National Institute of Materials Physics (NIMP), Romania – Project Coordinator: Dr. Irina Zgura
Universitatea Bucuresti, Romania – Partner Leader: Conf. Univ. Dr. Marcela-Elisabeta Bărbînţă-Pătraşcu
MAGYAR AGRAR- ES ELETTUDOMANYI EGYETEM, Institute of Aquaculture and Environmental Safety, Hungary – Partner Leader: Dr. Judit Hahn
UNIVERSIDAD DE EXTREMADURA, Spain – Partner Leader: Dr. Antonia Pajares
CENTRE NATIONAL DE LA RECHERCHE SCIENTIFIQUE CNRS, GEPEA UMR6144, France – Partner Leader: Dr. Pascale Gillon
NIMP’s team members:
Dr. Irina Zgura
Dr. Nicoleta Preda
Dr. Monica Enculescu
Dr. George Stan
Dr. Liviu Nedelcu
Dr. Oana Rasoga
Dr. Carmen Breazu
Dr. Paul Constantin Ganea
PostDoc Monica Dinescu
PhD student Madalina Chivu
Open-position
Open-position
Year 2024
During the implementation period (2024), activities were carried out regarding the preparation and characterization of the commercial metal oxide–based samples, evaluated in terms of morphological, structural and optical properties, both as monocomponent systems (ZnO, CuO) and as composites (ZnO–CuO). Structural characterization by X-ray diffraction (XRD) confirmed that the commercial powders exhibited diffraction peaks corresponding to hexagonal wurtzite ZnO and monoclinic CuO phases. The morphological properties were assessed through scanning electron microscopy (SEM), the images revealing particles with sizes below 100 nm, a result consistent with the partner’s DLS measurements.

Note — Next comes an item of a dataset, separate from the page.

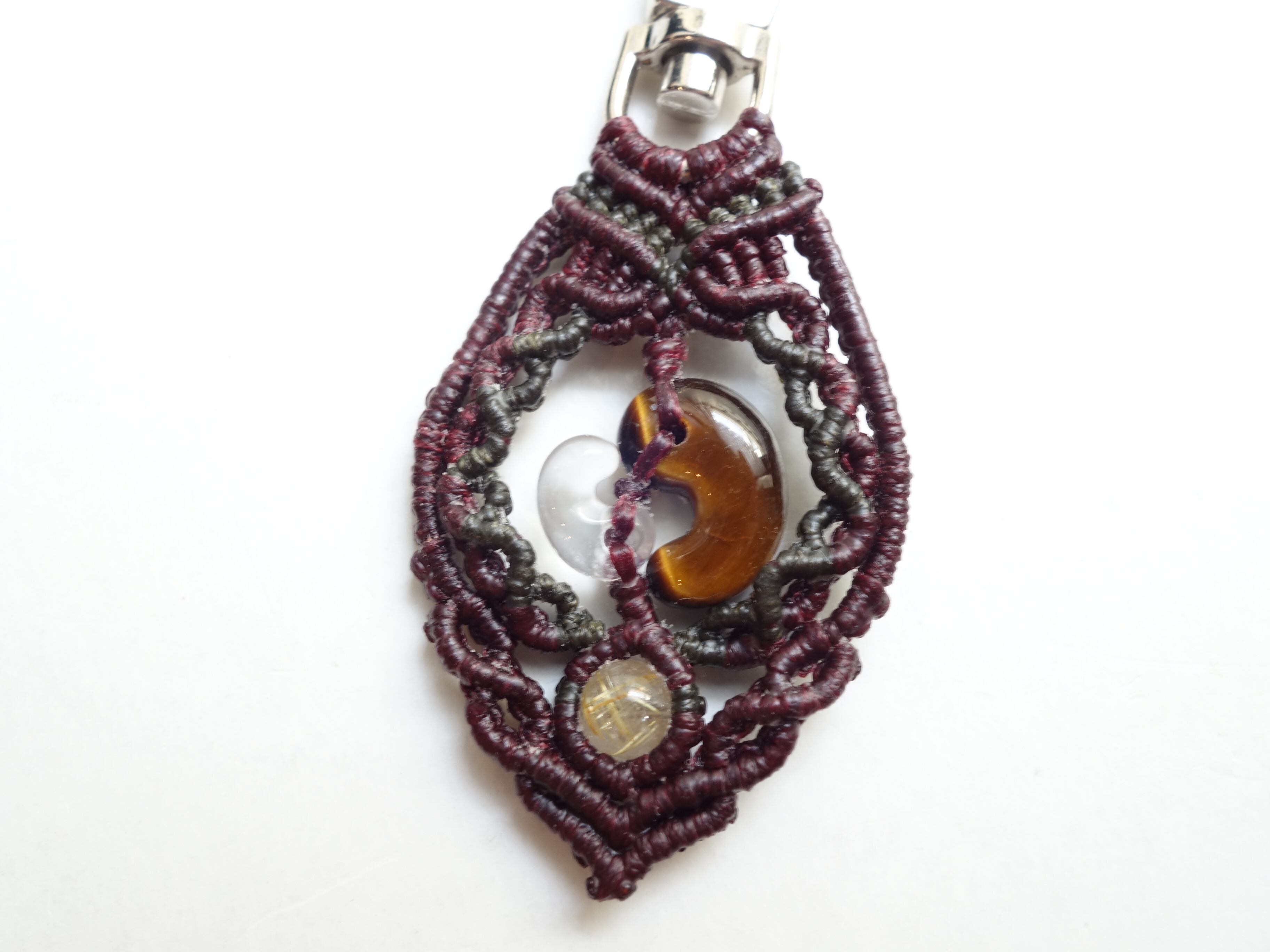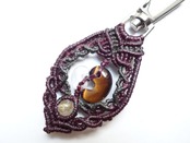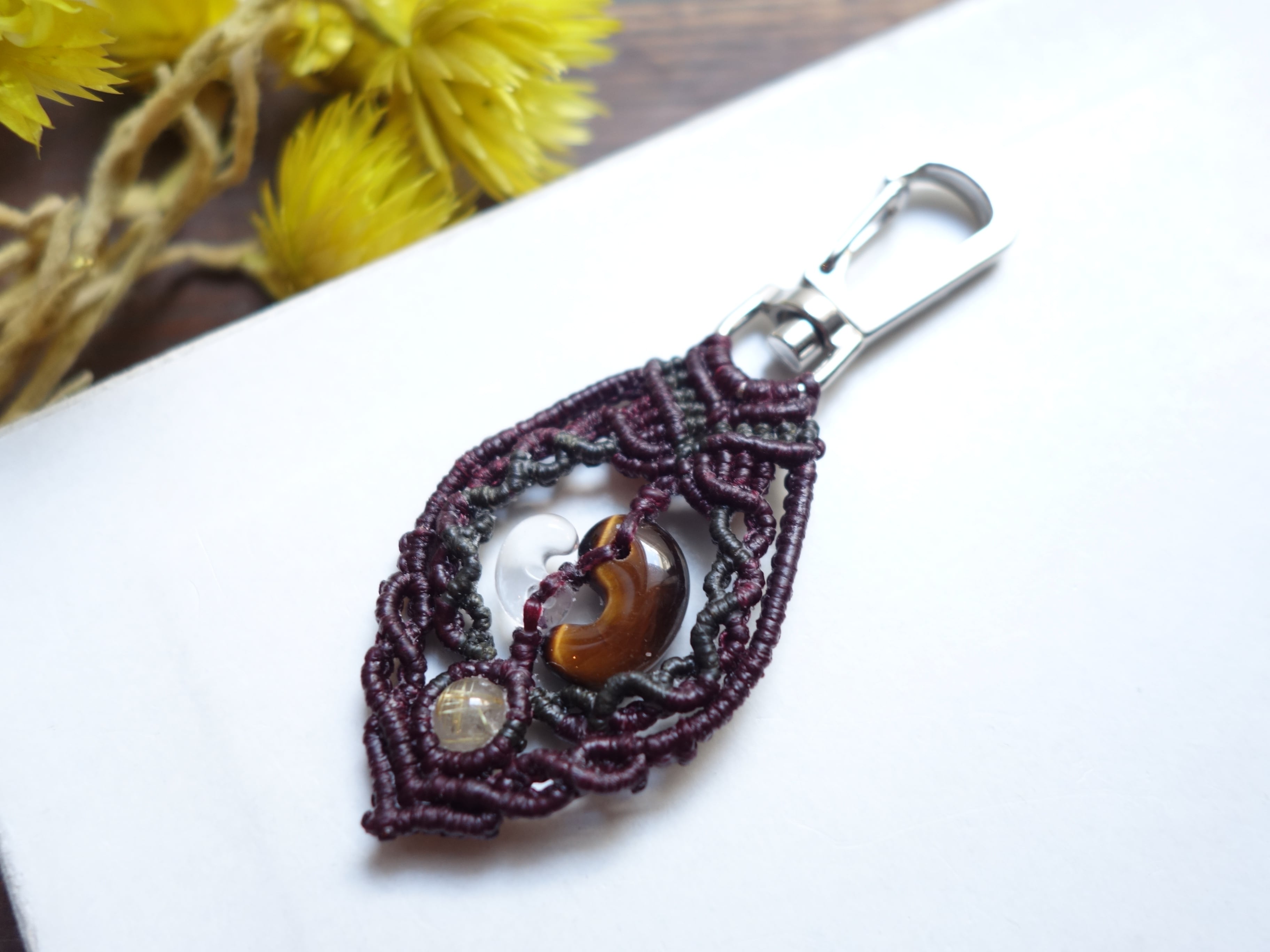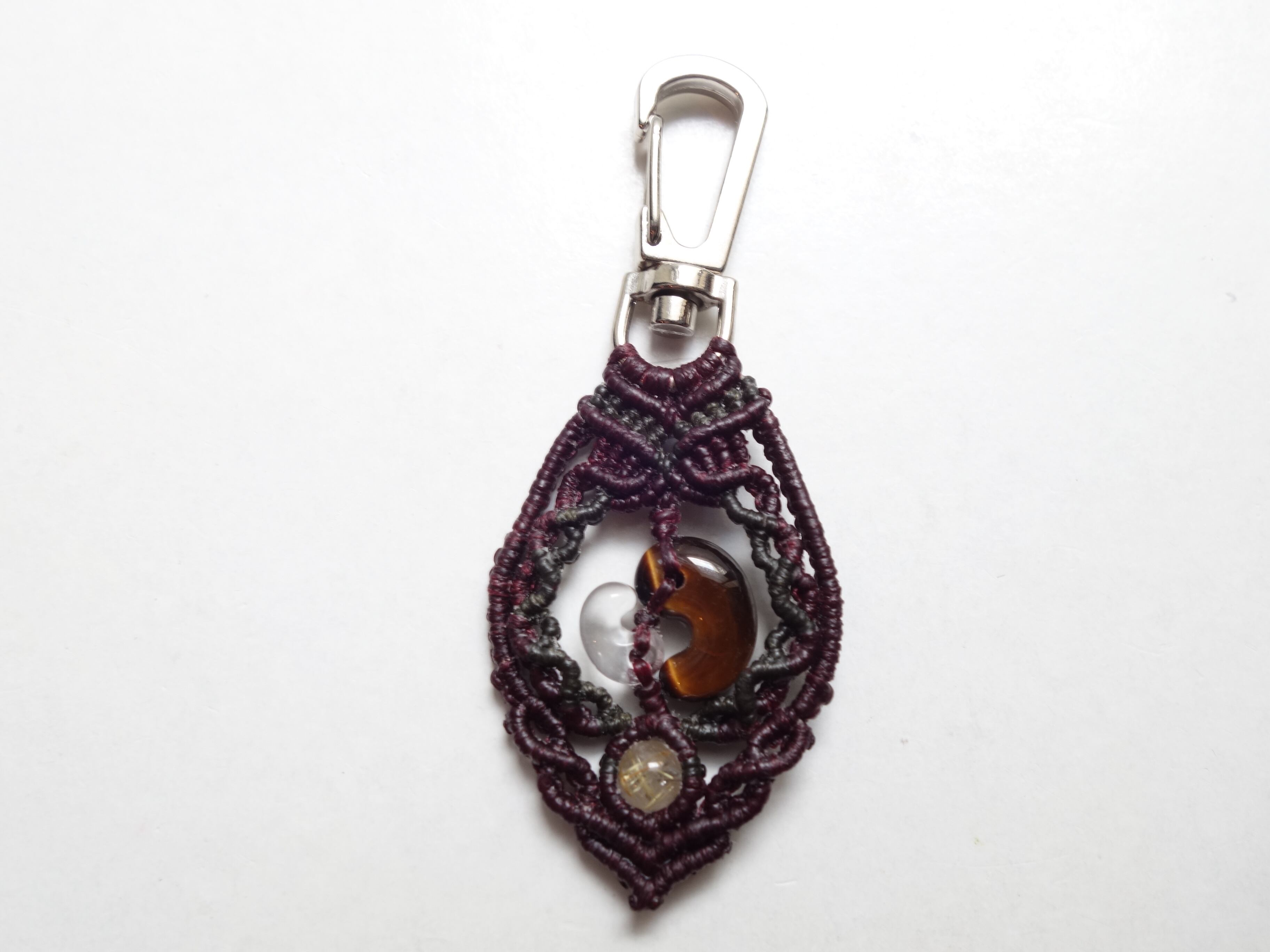 【タイガーアイ】16ミリ勾玉と【水晶】10ミリ勾玉をマクラメの額縁にそっと閉じ込めたオリジナルデザインのキーホルダーです。

Optical measurements (reflectance spectra and FTIR spectra) highlighted the optical signature of both ZnO and CuO components in the composite materials. Eco-impact (eco-toxicological) evaluation, including greenhouse/laboratory plant assays, urease activity testing, and photosynthesis/respiration measurements, indicated that:
i) the tested powder samples did not exhibit urease inhibition activity at 1 g/L concentration (due to the absence of bioactive surface compounds), and
ii) the samples did not present antioxidant properties (due to the lack of bioactive compounds capable of scavenging and neutralizing free radicals).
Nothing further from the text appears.